To complete this task, print all the data below exactly but leave out the images.

→ **AVAILABLE DATA**
<<<<
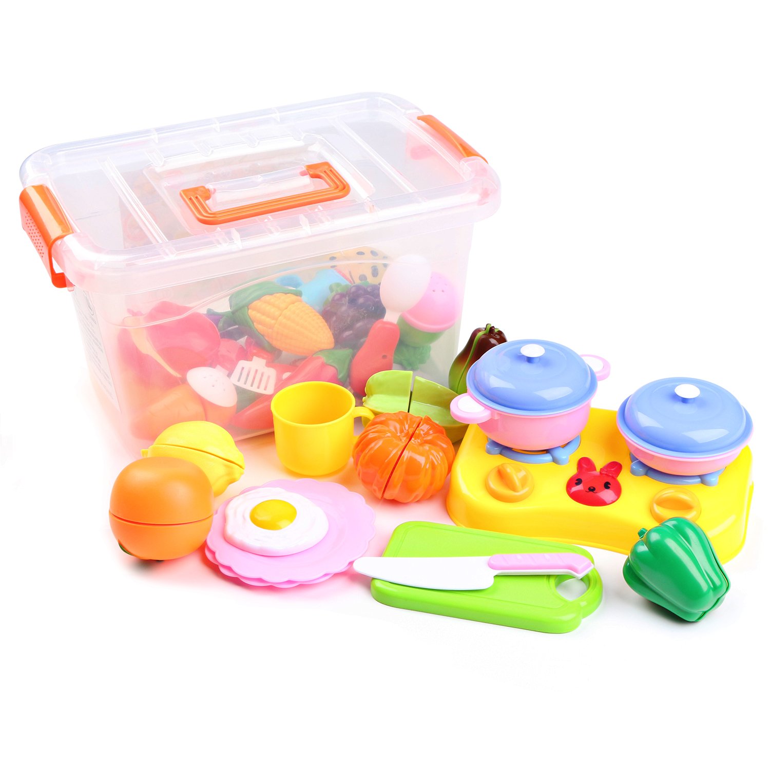 Kitchen knife is made of plastic, all corners are rounded, there is no worry of injuring your baby, you can play freely even for small children.
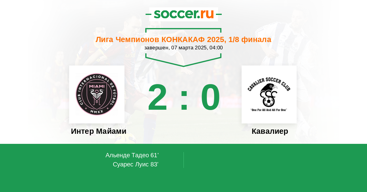 61' (1:0) Альенде Тадео (21) (Бускетс Серхио (5))
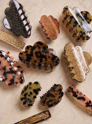 This collaboration gives birth to 3 different accessory models, each available in three elegant & glittery colors.
>>>>
→ **EXERCISE RESULT**
 Kitchen knife is made of plastic, all corners are rounded, there is no worry of injuring your baby, you can play freely even for small children.
 61' (1:0) Альенде Тадео (21) (Бускетс Серхио (5))
 This collaboration gives birth to 3 different accessory models, each available in three elegant & glittery colors.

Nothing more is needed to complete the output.